Эти русские оказались совсем не страшными. Они были обычными людьми, и Карин даже обнаружила, что все они разные. Подполковник Павлов был строг и любил точность. С немецкими инженерами разговаривал только деловым тоном и только о работе: что демонтировать, в какой последовательности, как паковать и как отправлять. И что ставить взамен снятого оборудования и как ставить. Другой подполковник, с очень трудной фамилией, Целищев (Карин так и не освоила ее, говорила Челичев) был добродушен, любил послушать немецкие анекдоты и даже смеялся, когда находил, что анекдот смешной. Капитан Петровский — черноглазый красавец, высокий и широкоплечий, — был застенчив и как бы соблюдал невидимую дистанцию между собой и женщинами в заводоуправлении. Карин и другие работницы удивлялись, почему этот человек, который безусловно имел бы успех у женщин, ведет себя так? Объяснил ей подполковник Целищев: оказалось, что четыре года назад, уходя на войну, Петровский оставил дома, где-то в Сибири, невесту, и он, — подумать только! — хранит ей верность! В душе Карин что-то шевельнулось — смесь удивления и симпатии к этому русскому...
В 1947 году в Восточную Германию приехал академический хор имени Свешникова. Сотрудникам заводоуправления их русские коллеги достали билеты, и Карин попала на концерт, — из чистого любопытства, ибо давно уверила себя, что ее музыкальная жизнь кончилась.
Невозможно описать, что с ней произошло. Ведь она была артисткой, певицей. Она и оставалась ею — несмотря ни на что. И если она не могла петь, то уж слушать и понимать музыку она умела. Она плакала от восторга, не стесняясь слез — да их и не видел никто в зале, где сотни людей, захваченные, покоренные мастерством шестнадцатиголосого хора, после каждого номера до хрипоты кричали «бис», яростно аплодировали и даже топали ногами, так что почти каждая песня исполнялась дважды.
Карин ушла с концерта потрясенная. Потом она накупила пластинок с этими волшебными песнями, — их теперь продавали повсюду, — и оказалось, что их можно слушать часами, одну за другой: они не надоедали!
Какая изумительная, истинно академическая стройность мелодий!
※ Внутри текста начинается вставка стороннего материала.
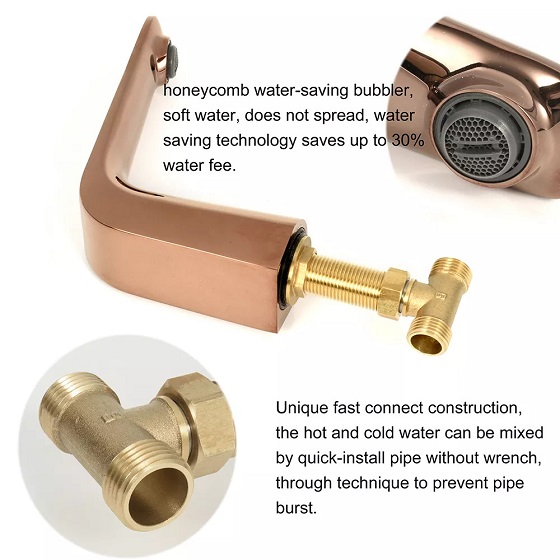 Vòi chậu lavabo, vòi bồn tắm mạ hồng vàng Rose Gold Miken WK-58454

Какое великолепное звучание!
Женский голос, словно прозрачный хрусталь, — нежный и грустный, и хор повторяет ту же фразу, и опять солистка вплетает свою жалобу, и снова хор вторит. И все это в одном чистом ключе, не мешая и не заглушая друг друга.
Не понимая русских слов — да они тогда и не нужны ей были, — Карин с утра до вечера напевала про себя эти дивные мелодии. И однажды, укладывая Арно спать, вдруг запела вполголоса. И удивилась, что голос ведет мелодию ровно, чисто, и не першит в горле, и тембр все тот же, мягкий, лиричный... У нее не было немецких слов, и она вела мелодию одним звуком, но, повторяя на память одну за другой полюбившиеся ей песни, чувствовала, что ей удаются все рулады русской солистки, все ее нежные переливы, все ее плавные переходы...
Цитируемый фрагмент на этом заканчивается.